Most early in-programme deaths occurred among patients with advanced immunodeficiency but who had not yet started ART. Programme evaluation using on-treatment analyses greatly underestimated early mortality. This mortality would be reduced by minimizing unnecessary in-programme delays in treatment initiation and by starting ART before development of WHO stage 4 disease.

摘要

目的

确定接受社区抗逆转录病毒治疗(ART)项目的患者在治疗开始前和开始后的死亡率、危险因素及死亡原因。

方法

2002年9月至2005年3月期间,在南非开普敦纳入一个前瞻性社区ART队列的初治患者中,确定所有项目内死亡情况。

结果

712例患者(CD4细胞计数中位数为94个/微升)中,578例(81%)在入组后中位数29天开始三联ART治疗。在563人年的观察期内,68例(9.5%)患者死亡。治疗前高死亡率为35.6例/100人年[95%置信区间(CI),23.0 - 55.1],接受ART治疗的患者在1年时降至2.5例/100人年(95% CI,0.9 - 6.6)。

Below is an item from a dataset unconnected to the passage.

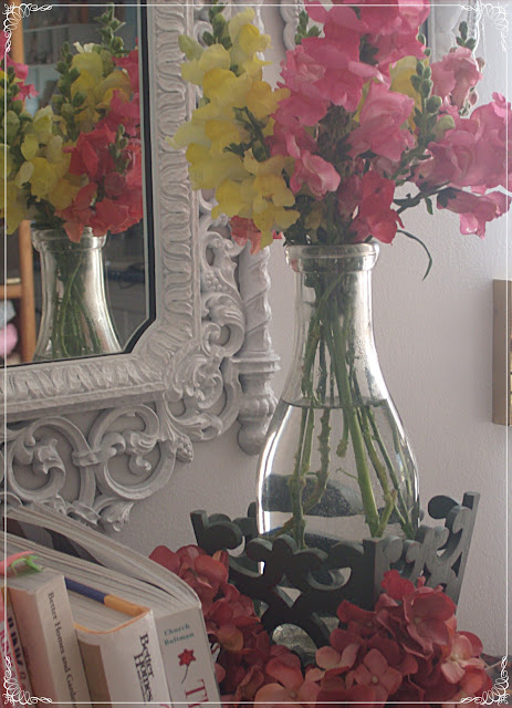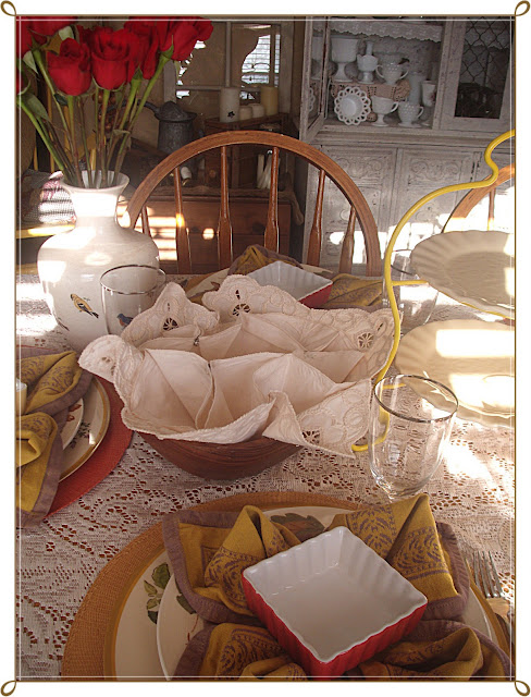 Usually they are in the bedroom in the hutch but since they haven't been out for a few Chirstmas's I decided let them play this year, where everyone can see them.

然而,在入组后的前90天内,44例死亡患者中有29例(66%)发生在等待ART治疗的患者中;这些死亡情况无法通过治疗期分析识别。多变量分析显示,死亡风险(治疗前和治疗期)与基线CD4细胞计数和世界卫生组织(WHO)临床分期独立相关;4期疾病是最强的危险因素。主要归因死亡原因是消瘦综合征、结核病、急性细菌感染、恶性肿瘤和免疫重建疾病。

结论

项目早期的大多数死亡发生在免疫缺陷严重但尚未开始ART治疗的患者中。使用治疗期分析进行项目评估大大低估了早期死亡率。通过尽量减少项目内不必要的治疗启动延迟以及在WHO 4期疾病发生之前开始ART治疗,可降低这种死亡率。